**TASK GOAL:** From the line that holds "在亡靈節(Day of the Dead)的慶祝遊行上,人們紛紛上街參與了這歡樂的一刻。" to the last line below, retype everything exactly and nothing else; omit pictures.
==*==
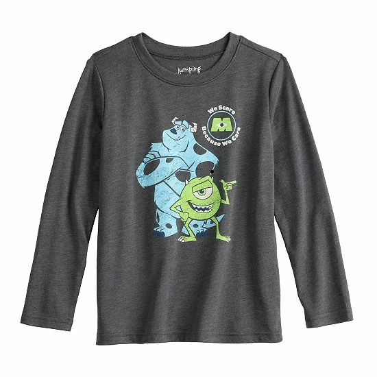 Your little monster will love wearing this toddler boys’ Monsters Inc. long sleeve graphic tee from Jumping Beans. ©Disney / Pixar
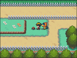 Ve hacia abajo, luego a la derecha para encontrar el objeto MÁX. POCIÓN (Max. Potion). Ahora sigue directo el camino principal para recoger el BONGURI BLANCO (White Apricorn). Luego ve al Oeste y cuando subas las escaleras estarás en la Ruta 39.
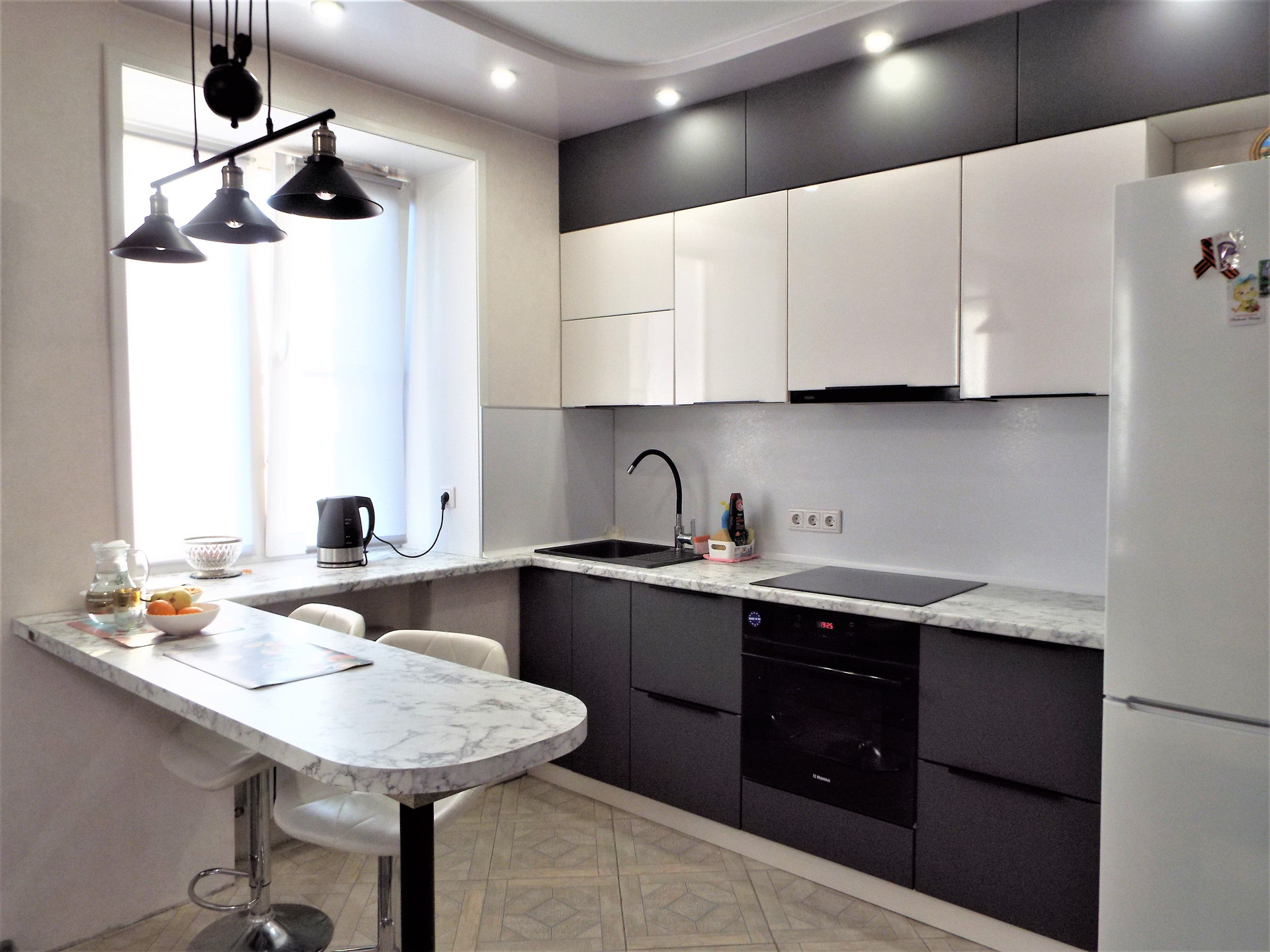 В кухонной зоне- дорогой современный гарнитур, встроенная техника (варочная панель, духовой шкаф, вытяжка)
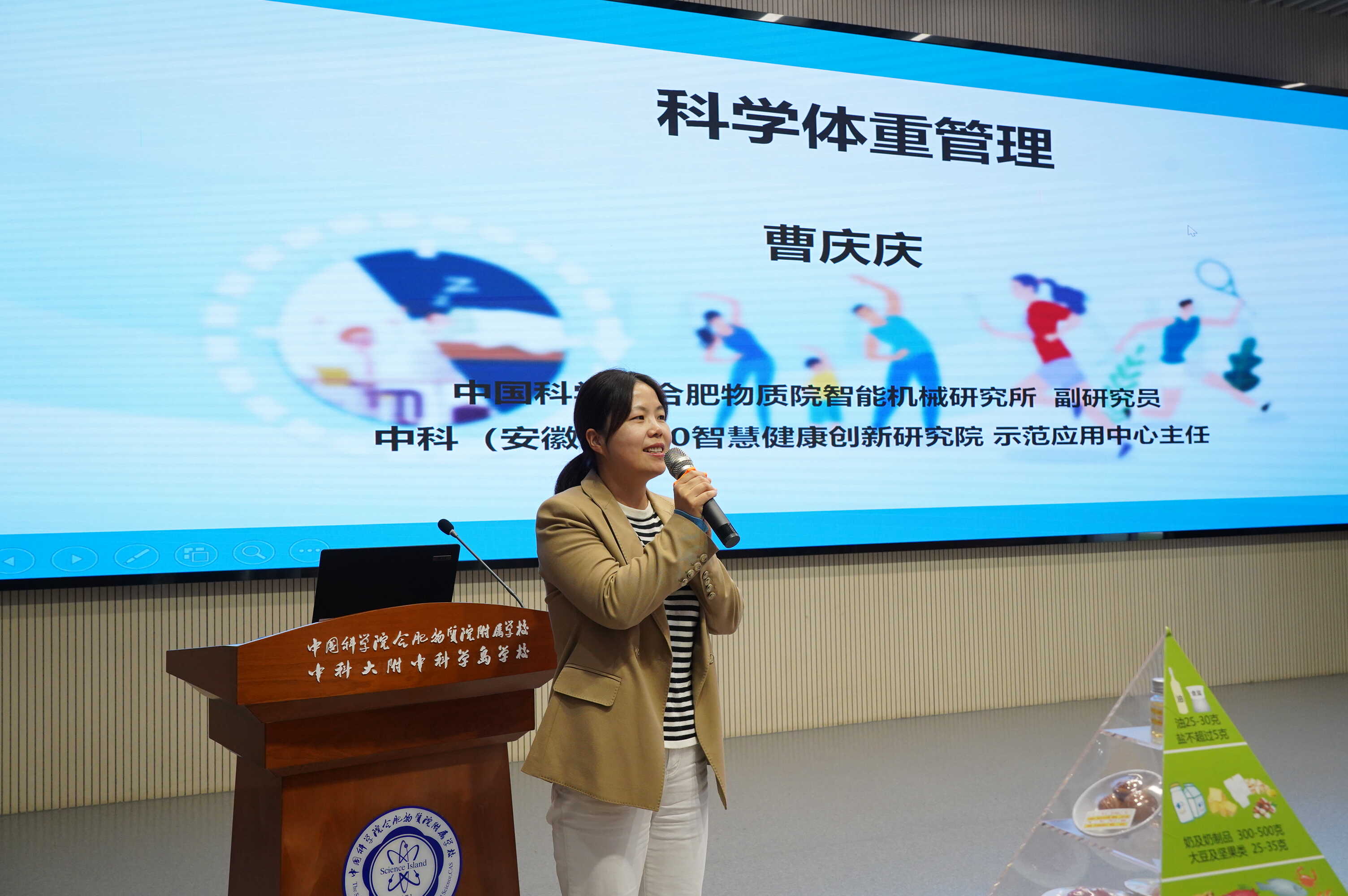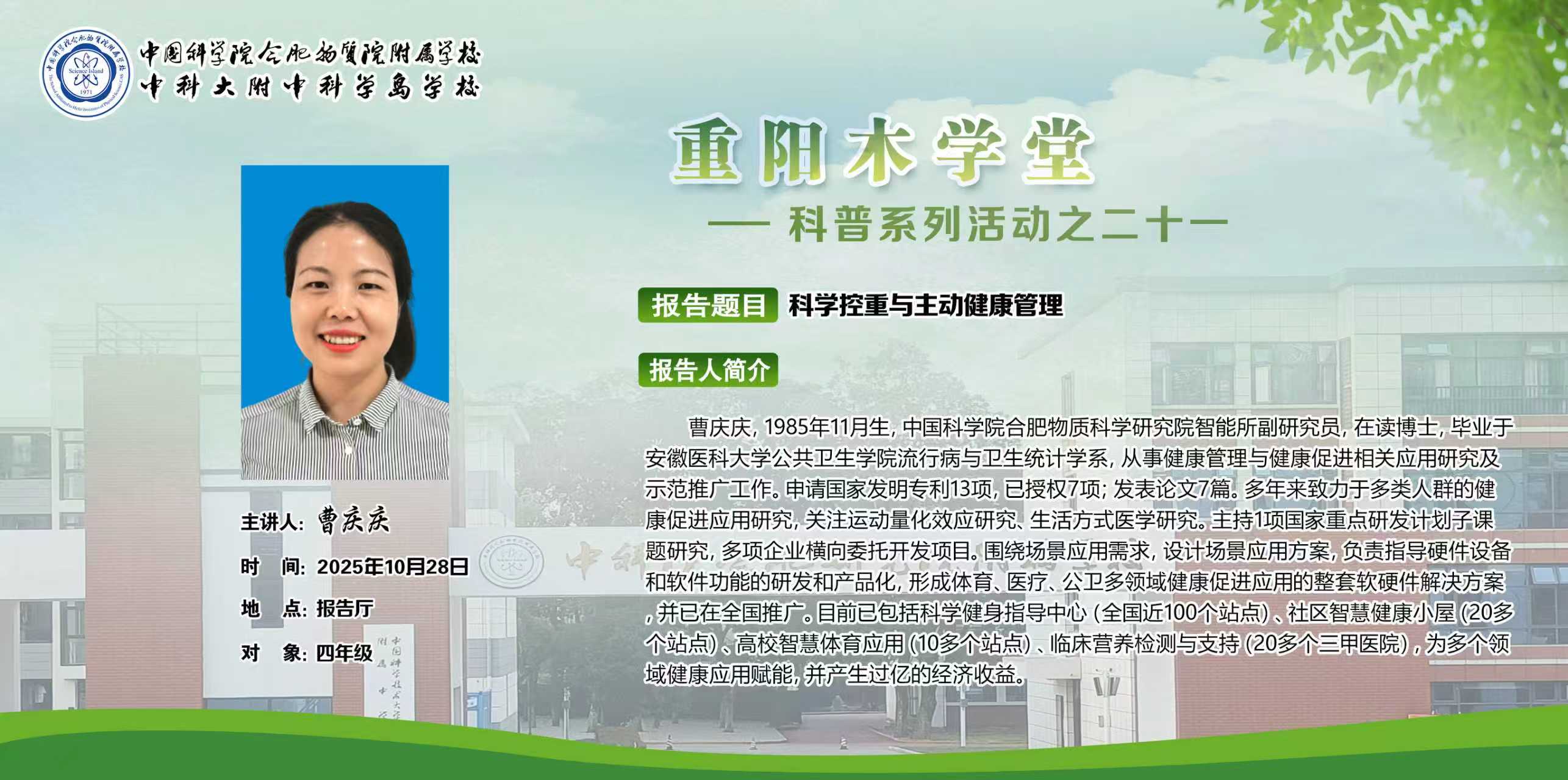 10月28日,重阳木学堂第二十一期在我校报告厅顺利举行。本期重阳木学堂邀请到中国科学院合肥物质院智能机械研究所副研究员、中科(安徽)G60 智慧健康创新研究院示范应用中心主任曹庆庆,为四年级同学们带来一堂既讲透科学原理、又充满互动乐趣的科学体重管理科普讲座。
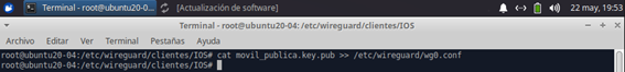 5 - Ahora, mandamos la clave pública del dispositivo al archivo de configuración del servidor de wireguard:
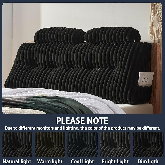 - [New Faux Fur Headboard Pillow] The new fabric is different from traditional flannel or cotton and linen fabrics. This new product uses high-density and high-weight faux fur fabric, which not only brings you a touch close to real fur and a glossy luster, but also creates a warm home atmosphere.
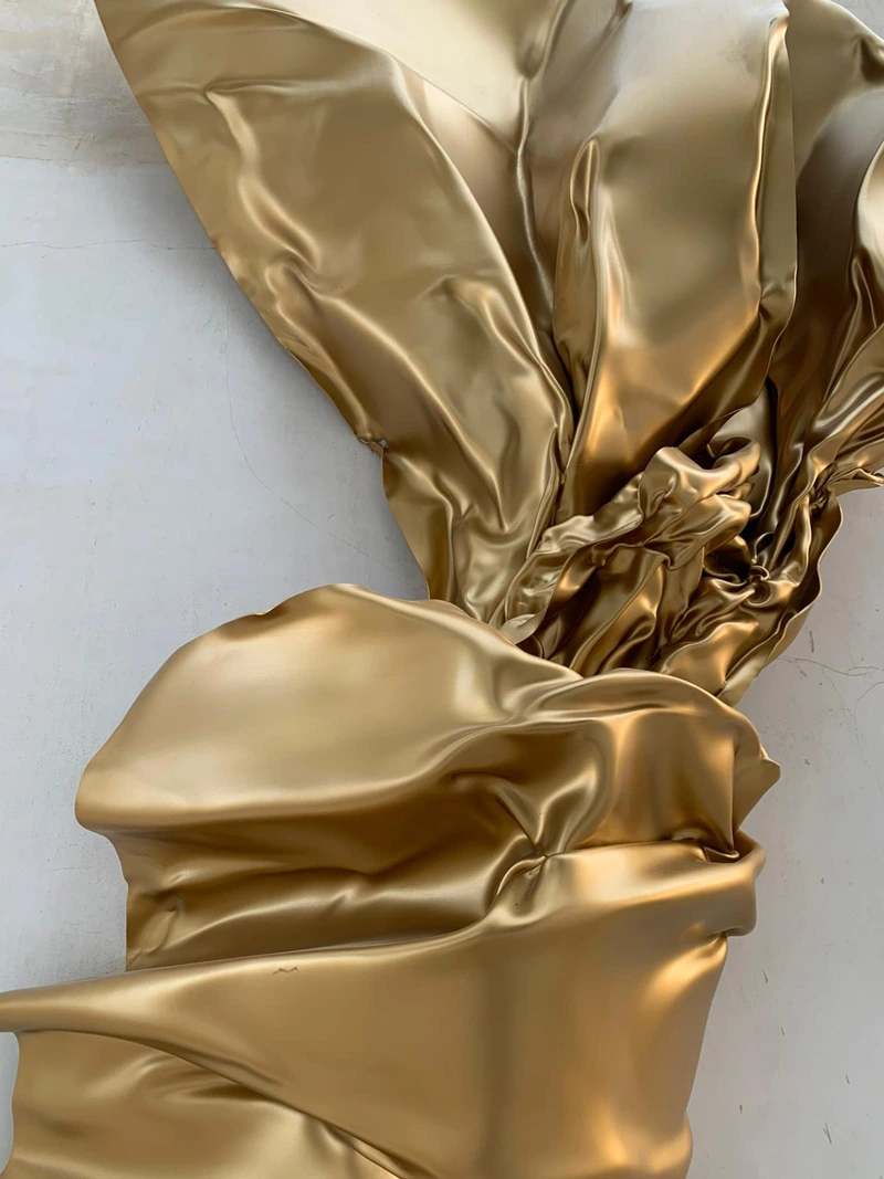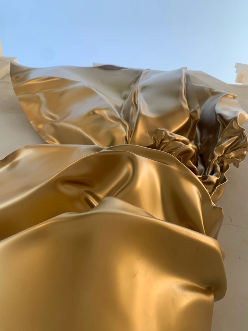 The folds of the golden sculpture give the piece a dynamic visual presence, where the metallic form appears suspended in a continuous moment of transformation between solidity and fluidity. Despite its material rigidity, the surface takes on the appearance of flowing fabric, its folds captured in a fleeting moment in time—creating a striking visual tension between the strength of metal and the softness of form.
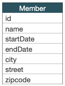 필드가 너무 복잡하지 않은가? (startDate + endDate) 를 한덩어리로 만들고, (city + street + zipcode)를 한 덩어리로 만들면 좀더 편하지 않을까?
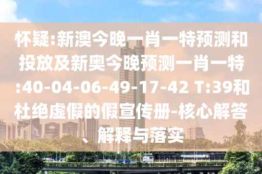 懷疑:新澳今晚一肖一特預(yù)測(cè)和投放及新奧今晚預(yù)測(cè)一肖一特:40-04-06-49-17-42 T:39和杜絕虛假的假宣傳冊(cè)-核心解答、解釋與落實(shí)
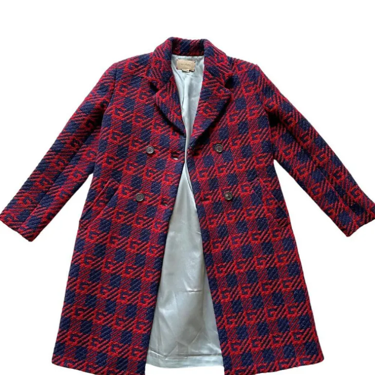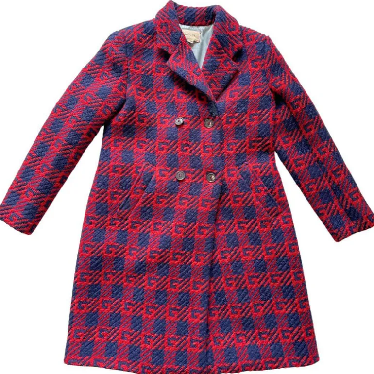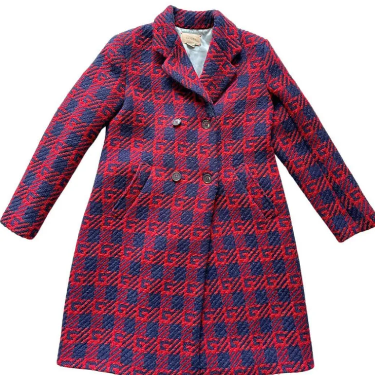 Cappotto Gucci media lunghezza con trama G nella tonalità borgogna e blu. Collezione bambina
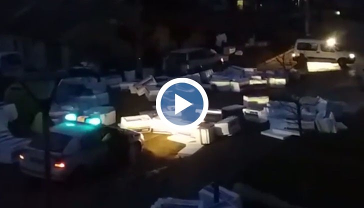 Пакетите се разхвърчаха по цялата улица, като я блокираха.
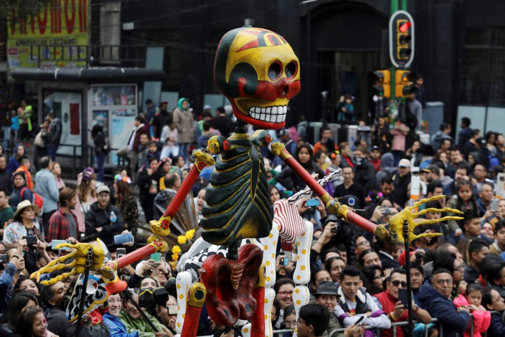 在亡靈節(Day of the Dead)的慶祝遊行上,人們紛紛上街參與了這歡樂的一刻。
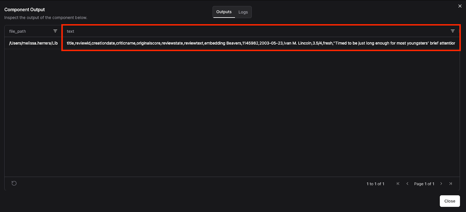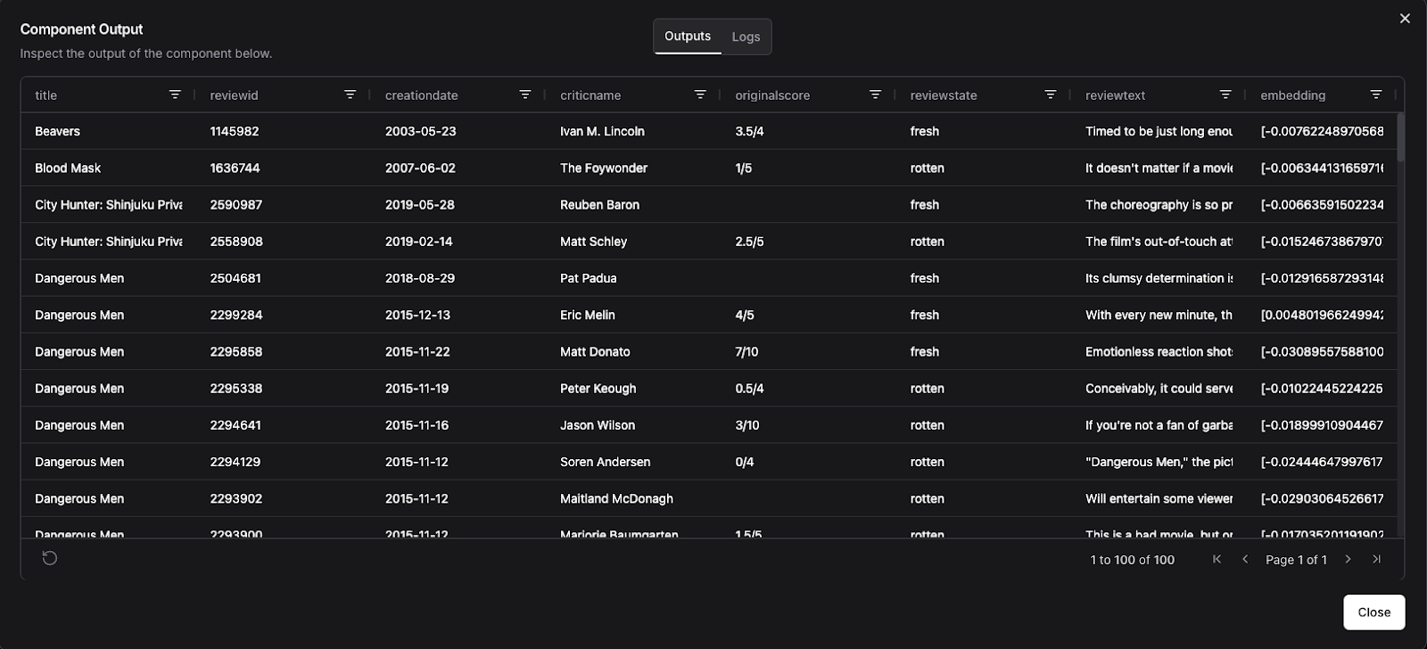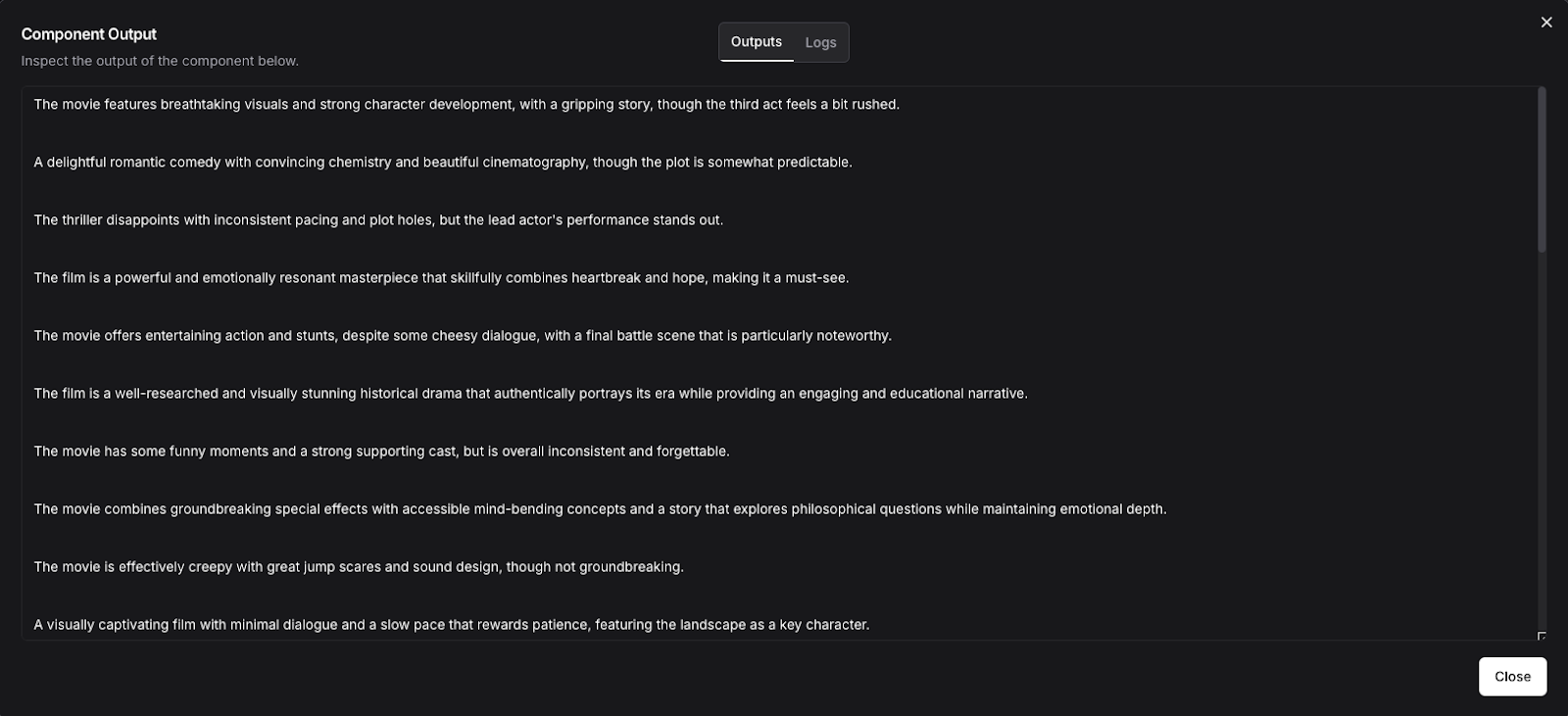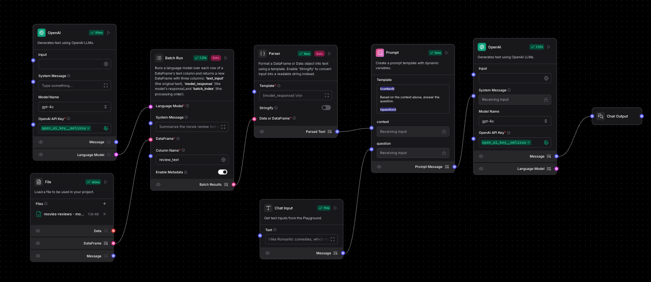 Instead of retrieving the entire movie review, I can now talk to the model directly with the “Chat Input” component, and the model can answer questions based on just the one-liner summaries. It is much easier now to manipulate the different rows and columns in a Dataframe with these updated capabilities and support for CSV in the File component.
==*==
**SOLUTION TO THE EXERCISE:**
 在亡靈節(Day of the Dead)的慶祝遊行上,人們紛紛上街參與了這歡樂的一刻。
 Instead of retrieving the entire movie review, I can now talk to the model directly with the “Chat Input” component, and the model can answer questions based on just the one-liner summaries. It is much easier now to manipulate the different rows and columns in a Dataframe with these updated capabilities and support for CSV in the File component.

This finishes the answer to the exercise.